Additionally, most aggregates have a ``NaN``-safe counterpart that computes the result while ignoring missing values, which are marked by the special IEEE floating-point ``NaN`` value (for a fuller discussion of missing data, see [Handling Missing Data](03.04-Missing-Values.ipynb)).
Some of these ``NaN``-safe functions were not added until NumPy 1.8, so they will not be available in older NumPy versions.

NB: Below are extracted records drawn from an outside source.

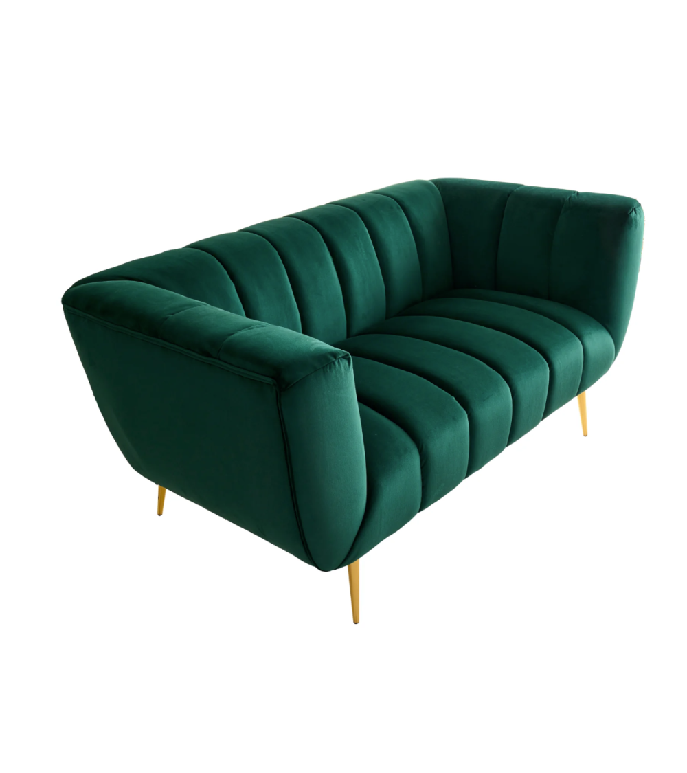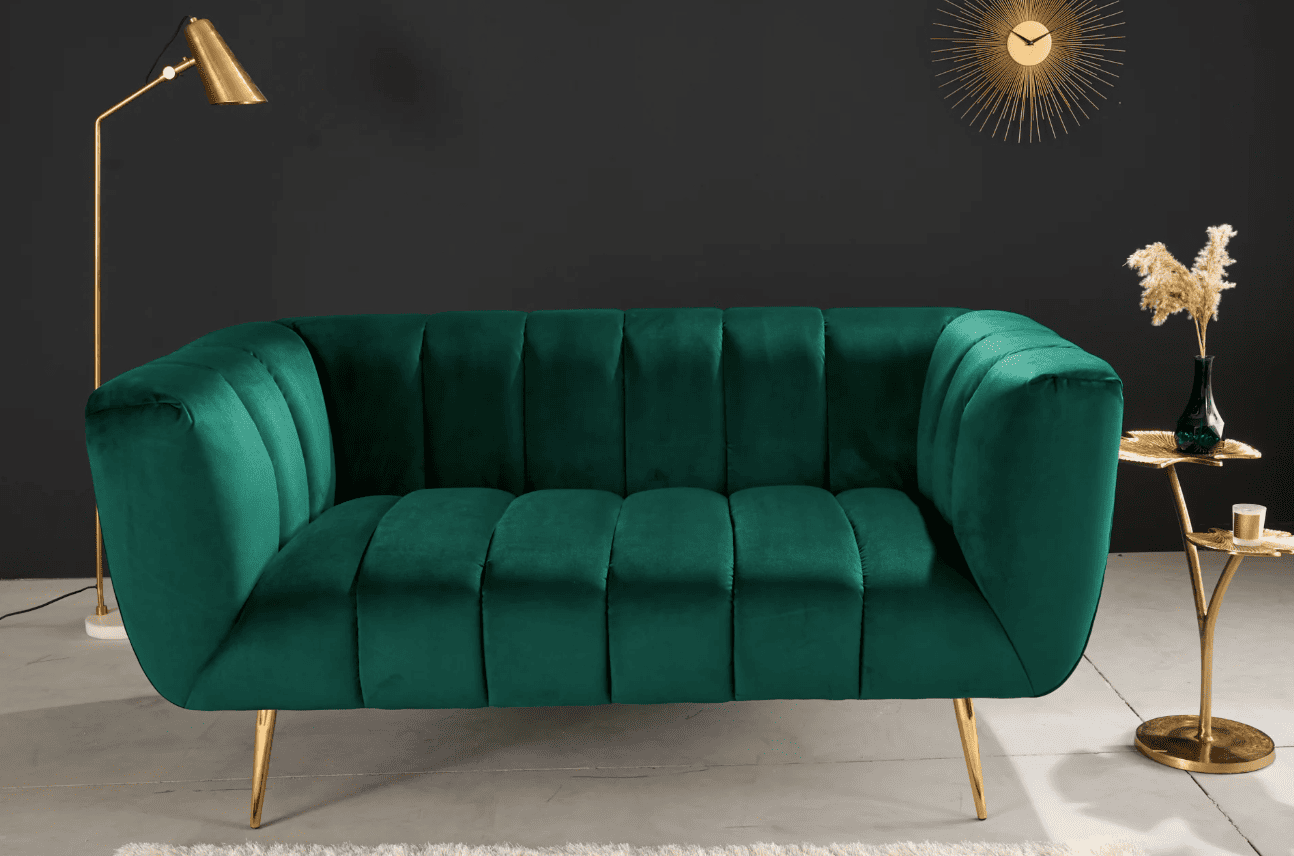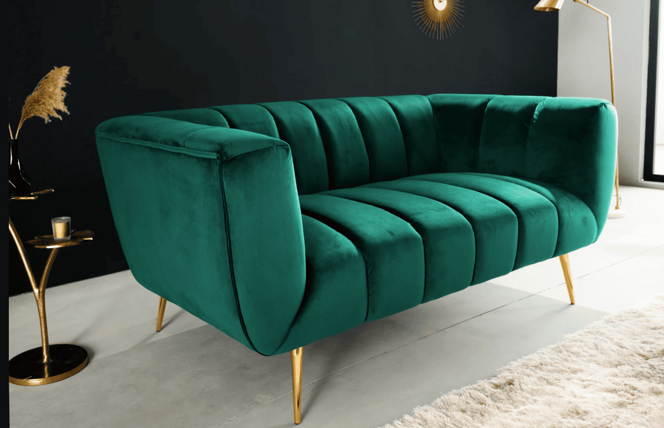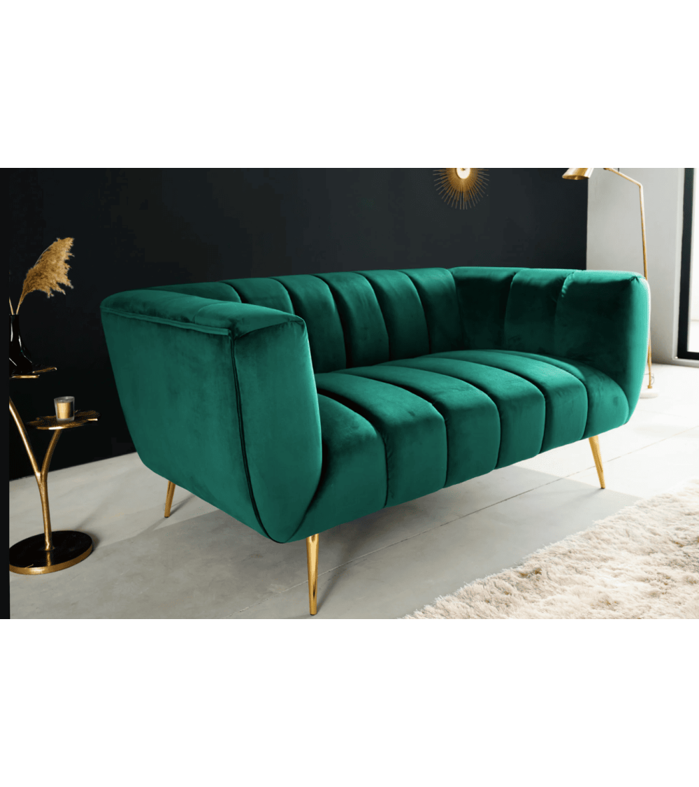 Aggiungi un tocco di lusso al tuo salotto con il divano NOBLESSE 165 cm in velluto verde smeraldo. Eleganza, comfort e design compatto si fondono per valorizzare il tuo spazio.
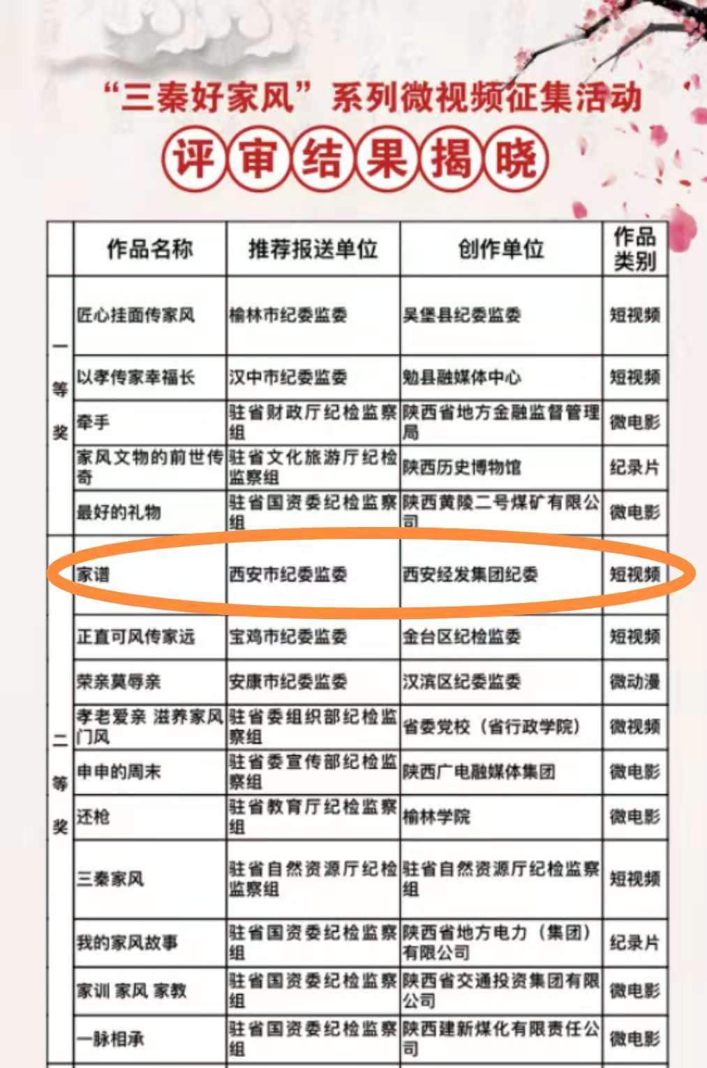 近日,秦風(fēng)網(wǎng)公布了陜西省紀委監(jiān)委組織開展的“三秦好家風(fēng)”系列微視頻征集展播活動評審結(jié)果,由西安市紀委監(jiān)委推薦報送,經(jīng)發(fā)集團紀委創(chuàng)作拍攝的微視頻《家譜》榮獲二等獎,這是繼《家譜》在2020年“崇廉尚德 好家風(fēng)潤西安”活動中獲獎后,再次斬獲省級獎項。
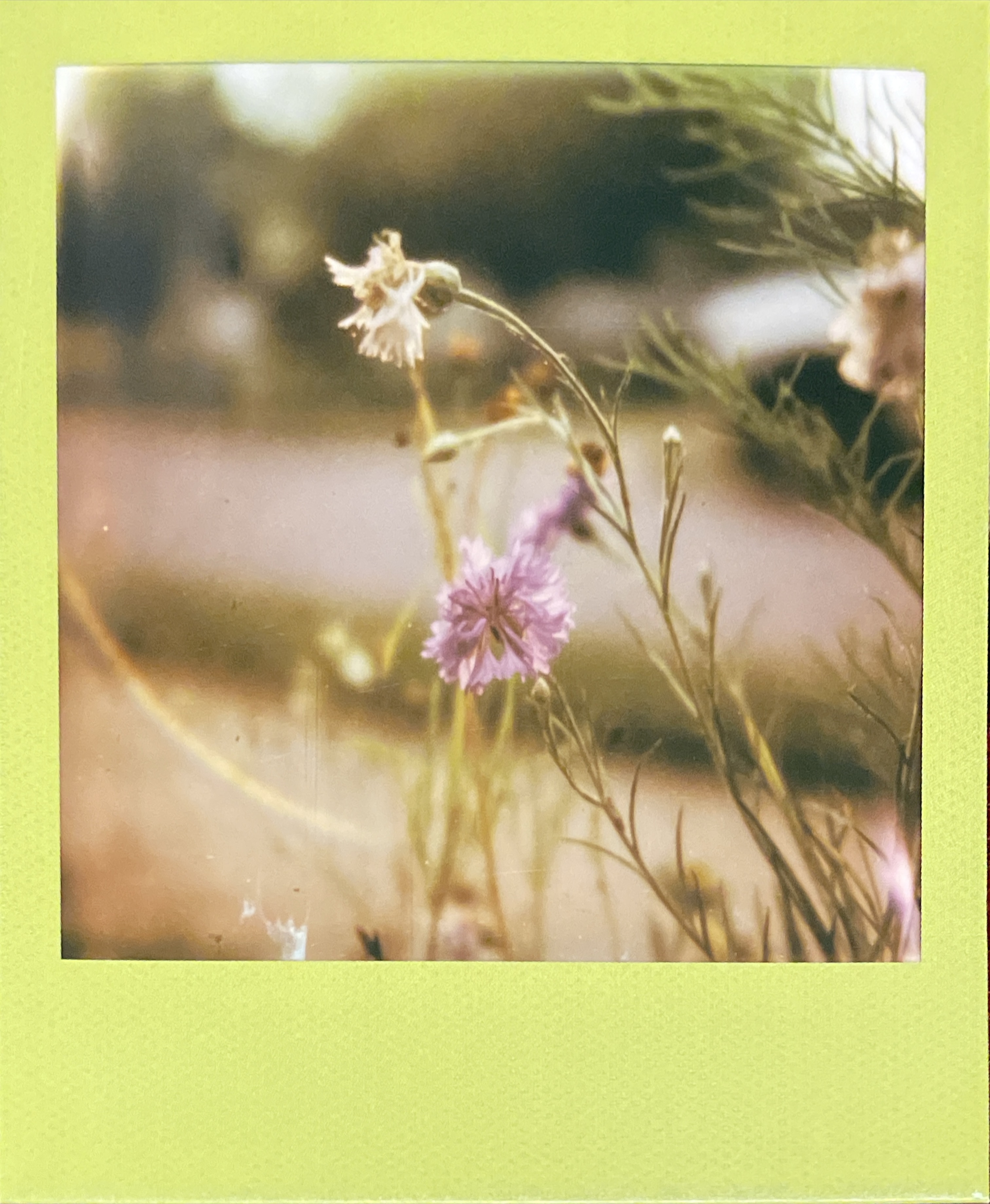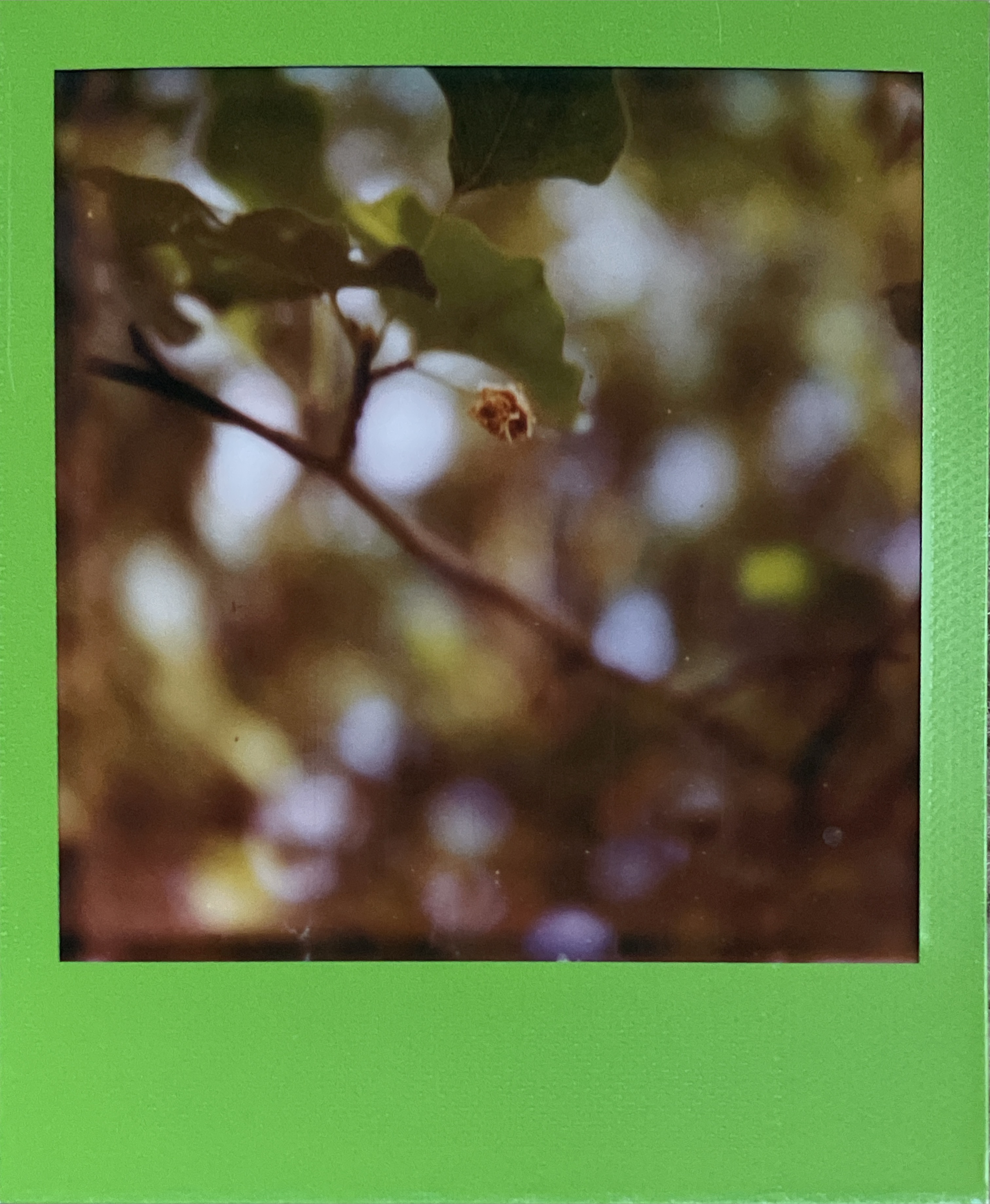I believe film, particularly instant film, captures a moment more honestly and emotionally than digital photography methods; however, I do use digital photography where it is more appropriate. With instant film, you can touch a moment and continue to hold it from the moment you press the shutter button. You are closer to breeze combing grass blades and trickling through the leaves. Light and temperature are pulled into the image, and depending on the speed of your capture, the gentlest of movement could preserve a completely different frame of reference.
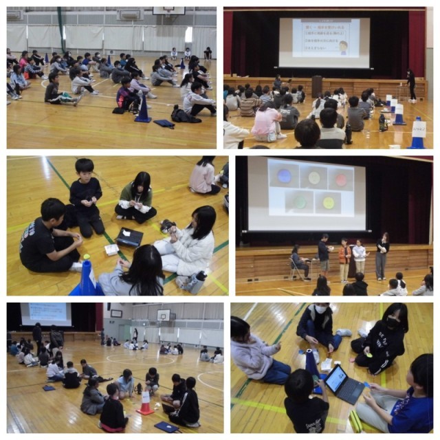 4・5・6年生の児童が参加して学校保健委員会を行いました。「自分と仲間の気持ちを大切にしよう」をテーマに、スクールカウンセラーの先生のお話を聞いたり「気持ちチップ」を使ってお互いの考えを話し合うゲームをしたりしました。
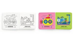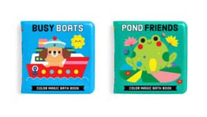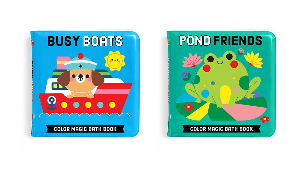 The two newest books in the line are Busy Boats and Pond Friends. In Busy Boats, kids will embark on a colorful nautical adventure featuring a variety of vessels, including submarines, cruise ships, and more. Pond Friends features adorable animals, like fish, ducks, and turtles. These animal friends love the water, showcasing how fun it can be to dip in the bath, pool, or pond.
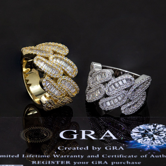 Bubble Letter Silver Moissanite VVS Baguette Cuban Ring for Men Hip Hop Jewelry
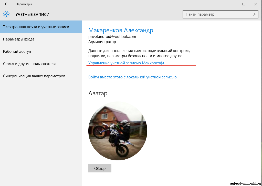 Доброго времени суток. Сегодня расскажем вам как переименовать учетную запись на устройстве с управлением Windows 10. В 10 версии программного обеспечения используется две учетные записи. Одна из них называется локальная и вторая учетная запись Microsoft. Чтобы переименовать одну их них, используется разный порядок действий на вашем компьютере. Давайте начнем с учетной записи Microsoft. Для того, чтобы ее переименовать вам необходимо перейти на официальный сайт, а точнее на саму страницу, которая позволяет изменить или редактировать учетную запись. "Учетная запись Microsoft". Так же это можно сделать из панели "Параметры → Учетные записи → Электронная почта и учетные записи", кликнув по ссылке управление учётной записью Microsoft.
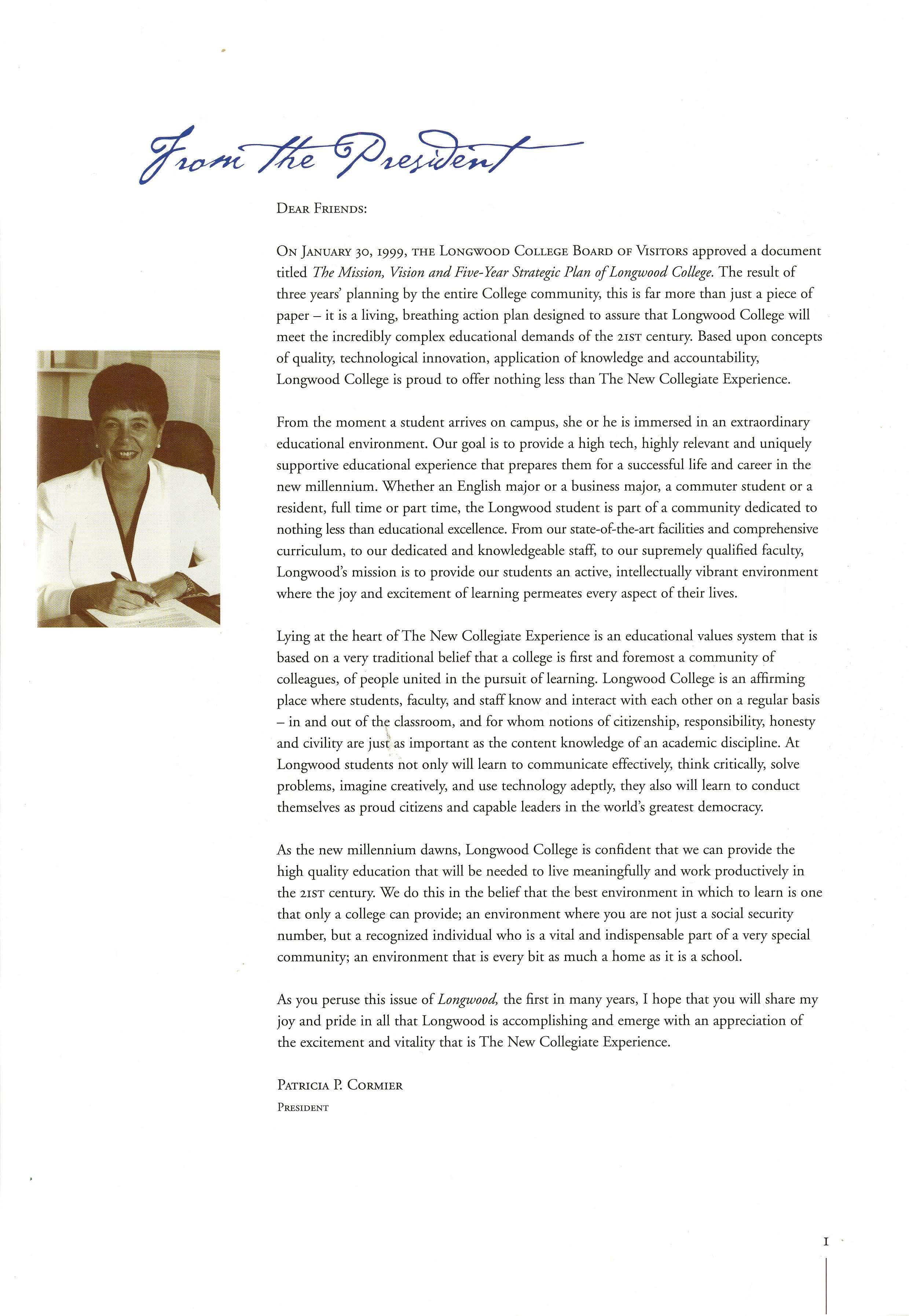 many Longwood faculry as friends. With such a dedicated faculry, I could see why ' The Longwood Experience' was revered and continues to be revered. Thanks to the dynamic leadership of President Cormier and a splendid Board, I am confident the scholarship will enhance The New Collegiate Experience, assuring Longwood's continued v1s10n for excellence into che new millennium."
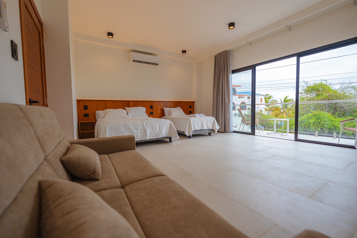 Suite Cielo, Discover the magic of Galapagos is located in a very privileged place, near the beach and other visiting sites, it has one of the best views of the Island, It is a spacious, comfy, with starlink wifi. The air-conditioned suite is fully furnished for 2 people and consists of 1 bedroom ( you can ask for 1 king sized bed or two single beds), a small kitchen&dining room area, a working place, a 32' screen with a streaming service, a private bathroom with hot water and a balcony.
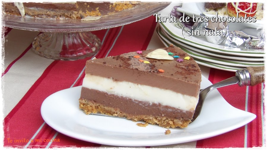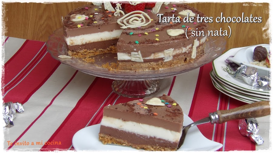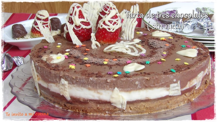 Pensando en esas personas, de las cuales una es muy cercana a mi, y sabiendo que venía a comer el domingo, decidí hacer la tarta de tres chocolates, pero de forma que también pudiera disfrutar del postre.

The following table provides a list of useful aggregation functions available in NumPy:

|Function Name      |   NaN-safe Version  | Description                                   |
|-------------------|---------------------|-----------------------------------------------|
| ``np.sum``        | ``np.nansum``       | Compute sum of elements                       |
| ``np.prod``       | ``np.nanprod``      | Compute product of elements                   |
| ``np.mean``       | ``np.nanmean``      | Compute mean of elements                      |
| ``np.std``        | ``np.nanstd``       | Compute standard deviation                    |
| ``np.var``        | ``np.nanvar``       | Compute variance                              |
| ``np.min``        | ``np.nanmin``       | Find minimum value                            |
| ``np.max``        | ``np.nanmax``       | Find maximum value                            |
| ``np.argmin``     | ``np.nanargmin``    | Find index of minimum value                   |
| ``np.argmax``     | ``np.nanargmax``    | Find index of maximum value                   |
| ``np.median``     | ``np.nanmedian``    | Compute median of elements                    |
| ``np.percentile`` | ``np.nanpercentile``| Compute rank-based statistics of elements     |
| ``np.any``        | N/A                 | Evaluate whether any elements are true        |
| ``np.all``        | N/A                 | Evaluate whether all elements are true        |

We will see these aggregates often throughout the rest of the book.